The facts of the case
Ms. O’Brien was Head of IT at an Academy in Bolton when a pupil assaulted her.
Whilst not physically injured, the claimant suffered an acute stress reaction to the assault which left her feeling shaken and unsafe in parts of the school. The claimant also told the appeal court that she did not believe the school took aggressive behaviour by students seriously enough, after the school refused to reinstate an earlier policy to automatically exclude pupils who assaulted staff.
The claimant took several short periods of time off work sick, but following further incidents, she went off sick in December 2011 and was later diagnosed with anxiety, depression and post traumatic stress disorder. She was formally dismissed in January 2013 after the school had asked for a return to work date and asked about reasonable adjustments. O’Brien then refused to attend a meeting to discuss her prognosis because she felt the meeting might ‘upset’ her. O’Brien referred the school back to her GP, who could not confirm a return to work date. and a formal medical incapacity hearing under the school’s sickness absence management procedures led to her being dismissed on the grounds of capability.
However, on an internal appeal, Ms O’Brien presented the appeal panel with a medical note, stating that she was fit to return to work imminently. The dismissal was upheld nonetheless, as the employer believed that the medical information was inconsistent, and was suspicious of the sudden appearance of a more positive diagnosis in a fit note.
The legal outcome
The original tribunal had found in favour of the Plaintiff, who it ruled had been discriminated against because of her disability (mental illness following the assault.) The tribunal ruled that the school should have “waited a little longer” for her to gather medical evidence before deciding whether or not to dismiss her. It was “not reasonable” to sack her “at that point” and her dismissal was “substantively unfair”, the tribunal decided.
The decision was then overturned by the Employment Appeal Tribunal, leading to the latest hearing, which has now reinstated the tribunal’s decision. During Justice Underhill’s ruling, long term sickness dismissals clarified that “there comes a time when an employer is entitled to some finality”. The ruling stated that employers should consider:
- if an employee has been absent for more than 12 months and there is “no certainty” when they will return, dismissing them is not necessarily unfair.

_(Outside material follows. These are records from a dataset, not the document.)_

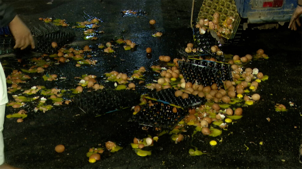 মহাখালীতে কাভার্ড ভ্যানের ধাক্কায় মাঝ সড়কে উল্টে গেছে ডিম বোঝাই পিকআপ। এতে নষ্ট হয়েছে প্রায় ২৫ হাজার ডিম।
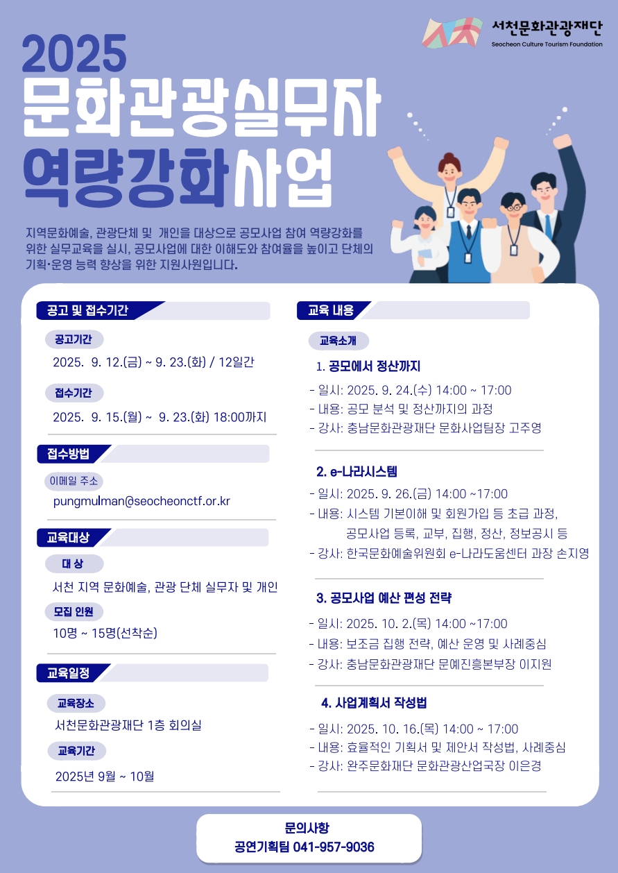 만20세 이상, 서천지역 문화관광실무자 및 서천군민 누구나
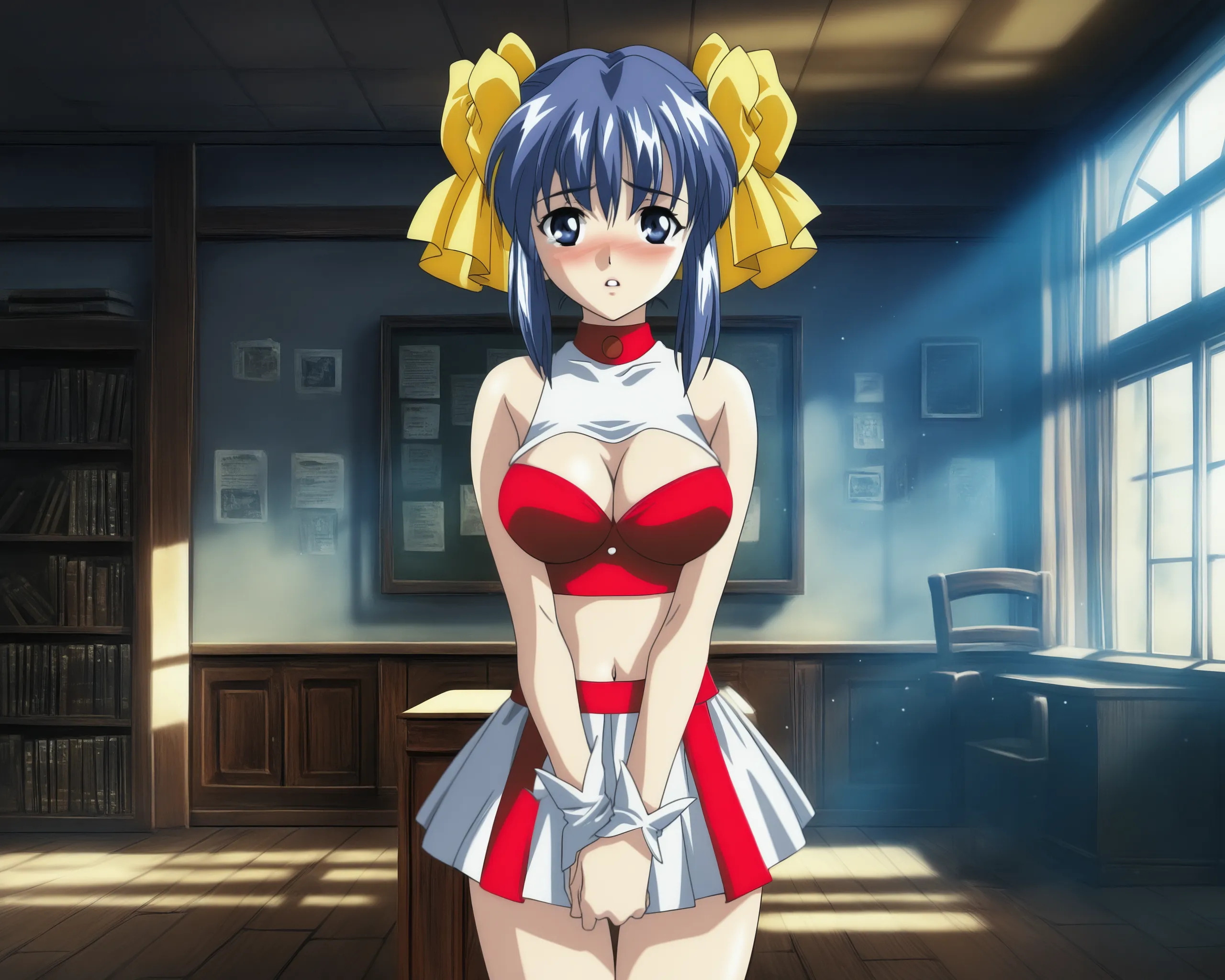 An anime-style illustration of a blue-haired twintail girl in a cheerleader outfit in a classroom.

- However the ruling also stated that business impact of ongoing absence must be a “significant element” in deciding if dismissal is justified.
- Where an employee produces updated medical evidence at the appeal hearing, the decision to dismiss must be fair on the basis of the information available to the employee at the time of the appeal.
The school had been unable to produce evidence of such an impact, which was a factor in O’Brien winning the case. The court felt the school could reasonably have waited ‘a little longer’ in the absence of evidence that doing so would have been detrimental.
Comments on the ruling
Stephen Simpson, principal employment law editor at XpertHR, said:
“While the employer ultimately lost this case, it is very useful for employers dealing with long-term sick leave. The Court made it clear that employers are not expected to wait forever for an employee to recover from illness, and dismissal is a valid possibility even where there is a vague promise from an employee of an imminent return.
“However, the court warned employers that, when balancing whether the time has come to dismiss, the employer needs to have considered the disruption to the business that the absence is causing. It is therefore a good idea for the employer to have a written record of the issues that are being caused, for example who has been brought in to cover the work, or what extra work colleagues are doing because of the absence.
“The other key warning for employers is to review carefully all the medical evidence during the whole of the sickness absence management process. This includes evidence that comes to light between the original decision to dismiss and any appeal hearing.”
Absence management expert Adrian Lewis, of Activ Absence said:
“The saddest thing about this claim is that the school have lost a valued teacher and Ms. O’Brien has suffered a horrendous illness – whoever won in Court, the process has been painful.
“We recommend employers manage sickness absence using an automated system with trigger points, so that patterns of sickness are picked up early, giving employers a vital opportunity to offer targeted support and reasonable adjustments at an early stage, often before the employee takes long term sickness absence.
“Furthermore, an automated system enables them to record key dates and outcomes, and maintain contact through the period of illness, making it easier to support an employee but also produce records for the court and prove the financial impact of absence on the business should that be required. Ultimately though, the aim is always to get people healthy and back in work.”